Hilda came in to lend further gravitas to the occasion. Billy was finishing the setting up, and the presenter, Miss Hamilton, prepared the introduction. Maisie’s old friend, the fist inside her chest, was the size of a boulder and doing serious damage.
“I find every new program gives me butterflies on its maiden voyage,” Hilda whispered. “You as well?”
“Swap butterflies for pterodactyls,” Maisie said through short breaths.
“You’ve done marvelous work, and I’ve told the DG so.”
Billy signaled, and Maisie and Hilda gripped hands.
“Good morning, and welcome to our new program, The Week in Westminster,” Miss Hamilton greeted the listeners. “Every week we will hear from different female members of Parliament, who will explain the workings of Parliament and the business before the House of the previous week. Our inaugural presenter is Lady Astor, MP for Plymouth, of the Conservative Party. Good morning, Lady Astor.”

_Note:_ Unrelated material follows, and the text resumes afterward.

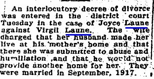 Paul Sidney Laune married Mary Terral in Springfield, Colorado August 6, 1922, performed by minister L.>C. Elver of Springfield.
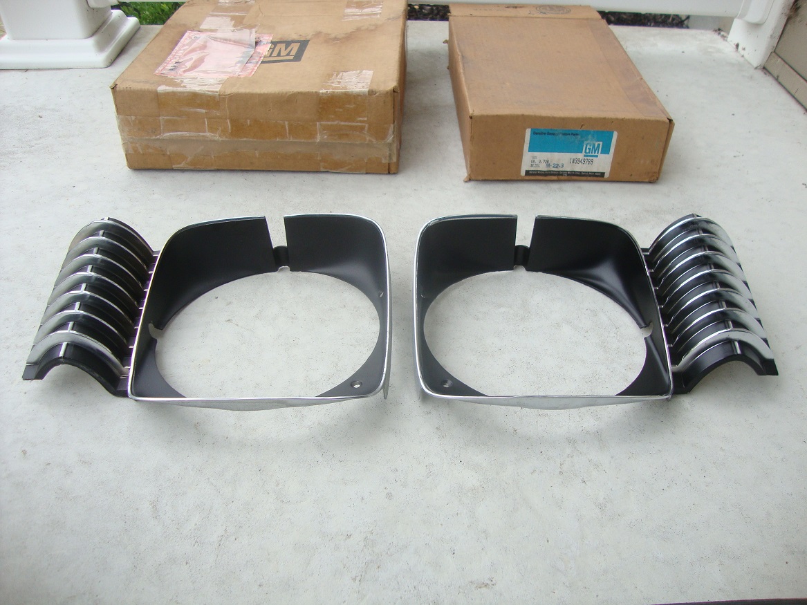 Matched pair of NOS GM 69-72 Nova headlight bezels. Part numbers are 3949789 and 3949790. Great shape. They just need cleaning and polishing from years of storage. One box is missing the GM sticker but it is a GM box. $250 pair shipped. SOLD SOLD SOLD SOLD

“Thank you. I’m terrifically honored to be here and to assist in educating all the young ladies who have just enjoyed their first vote as to the workings of our system. I’ve talked to far too many ladies who think politics sounds too confusin’ to manage, or just a dreadful bore. I assure you, nothing is further from the truth. A lady does require a powerful voice, though, and some very serious backbone. Now, then . . .”
Fifteen minutes later, Maisie exhaled.
“Marvelous!” Lady Astor said, though it was hard to be sure if she was congratulating them or herself. “And not a moment too soon. Some of the letters I’ve gotten lately . . . Gracious, there are a multitude of muttonheads out there. Honestly thinking that America’s example shows too much democracy leads to scrapes. ‘The firm few, not the muddled many, are what’s needed for a strong nation.’ That’s what one imbecile wrote. Do hope this helps sort people out.”
Which seemed a lot of pressure for fifteen minutes a week. But Maisie was keen to try.
By that afternoon, they had early notices from papers and a number of congratulatory telegrams.
“There, you see? I knew it would be a success,” Phyllida said, giving the telegrams an approving pat.
“Surely the more people care about our political system, the more they’ll fight to maintain it, right?” Maisie sought confirmation.
“What idiot would look around the world and think anything’s better than what we have here?” Maisie just looked at her. “Oh, all right. Plenty, but they’re not going to do anything except make fools of themselves shouting in a pub.”
Maisie smiled. But for once she thought Phyllida might be overly optimistic.
By the time she left that evening, her brain felt so full, her hat was tight. It wasn’t a train of thought; it was King’s Cross Station. The damp cold was a relief. It tugged at some of the threads in her mind and unspooled them so they floated behind her as she headed up to the Strand.
“Pardon me, miss.” A hand tapped her on the arm.
She screamed.
It was Simon.
“Easy, easy. We’ll be arrested if we keep on like this,” he said, finally managing to pry her away. But he kissed her again, too.
“Were you waiting for me out here? You could have come inside, you know.”
“But that wouldn’t have been as romantic.”